▶ [Recorded data]:
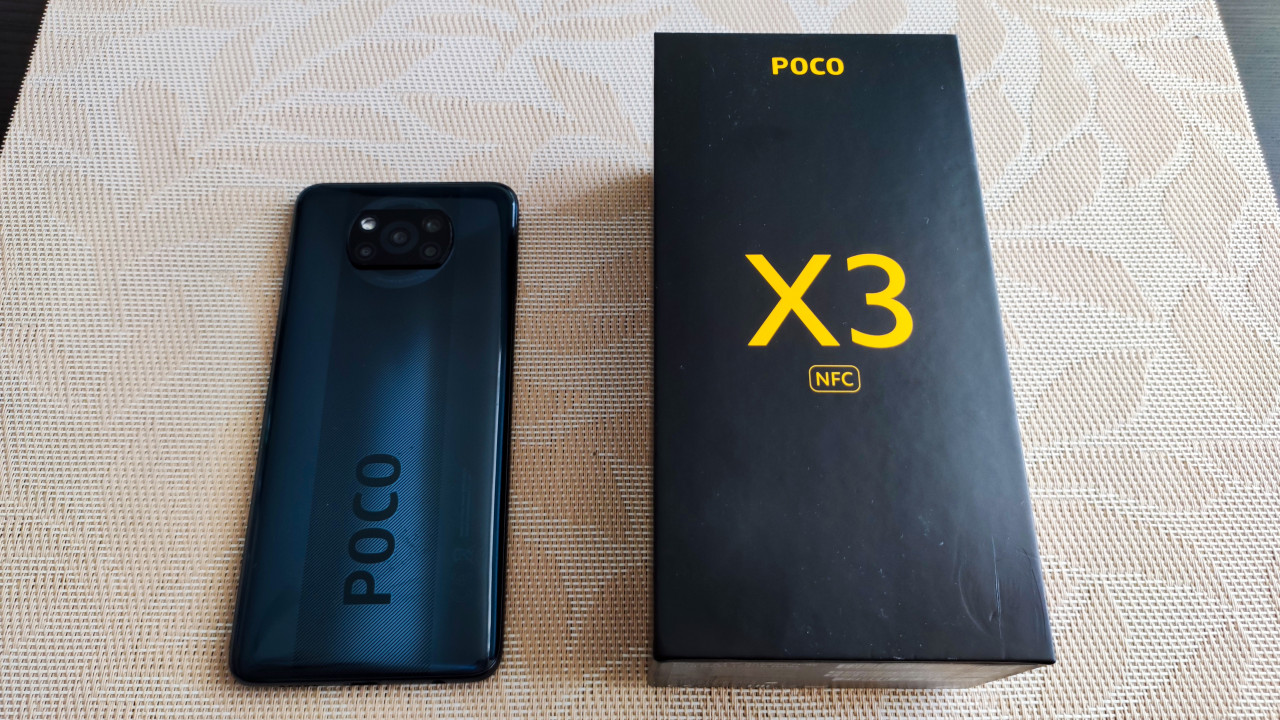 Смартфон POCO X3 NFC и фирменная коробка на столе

...

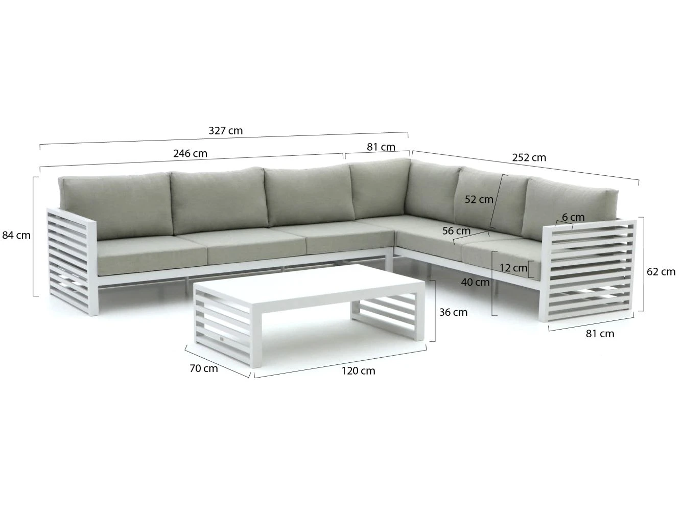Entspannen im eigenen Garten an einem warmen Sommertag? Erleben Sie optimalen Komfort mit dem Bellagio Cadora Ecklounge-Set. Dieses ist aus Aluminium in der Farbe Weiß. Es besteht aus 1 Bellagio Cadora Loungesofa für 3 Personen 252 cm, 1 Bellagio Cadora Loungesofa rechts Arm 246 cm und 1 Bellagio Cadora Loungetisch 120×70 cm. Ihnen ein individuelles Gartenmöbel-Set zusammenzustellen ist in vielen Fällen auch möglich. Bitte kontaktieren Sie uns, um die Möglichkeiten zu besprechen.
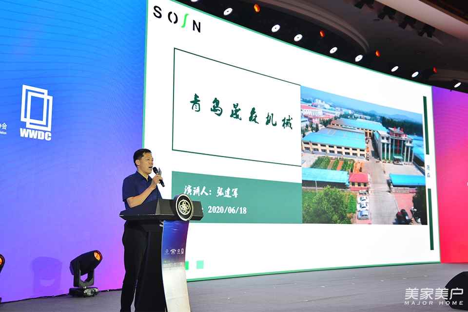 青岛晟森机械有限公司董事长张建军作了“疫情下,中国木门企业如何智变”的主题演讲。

▶ [Your task]: Print an exact copy of the lines above, from the one containing "Entspannen im eigenen" through the one containing "青岛晟森机械有限公司董事长张", and leave out the pictures.

▶ [Written response]:
Entspannen im eigenen Garten an einem warmen Sommertag? Erleben Sie optimalen Komfort mit dem Bellagio Cadora Ecklounge-Set. Dieses ist aus Aluminium in der Farbe Weiß. Es besteht aus 1 Bellagio Cadora Loungesofa für 3 Personen 252 cm, 1 Bellagio Cadora Loungesofa rechts Arm 246 cm und 1 Bellagio Cadora Loungetisch 120×70 cm. Ihnen ein individuelles Gartenmöbel-Set zusammenzustellen ist in vielen Fällen auch möglich. Bitte kontaktieren Sie uns, um die Möglichkeiten zu besprechen.
 青岛晟森机械有限公司董事长张建军作了“疫情下,中国木门企业如何智变”的主题演讲。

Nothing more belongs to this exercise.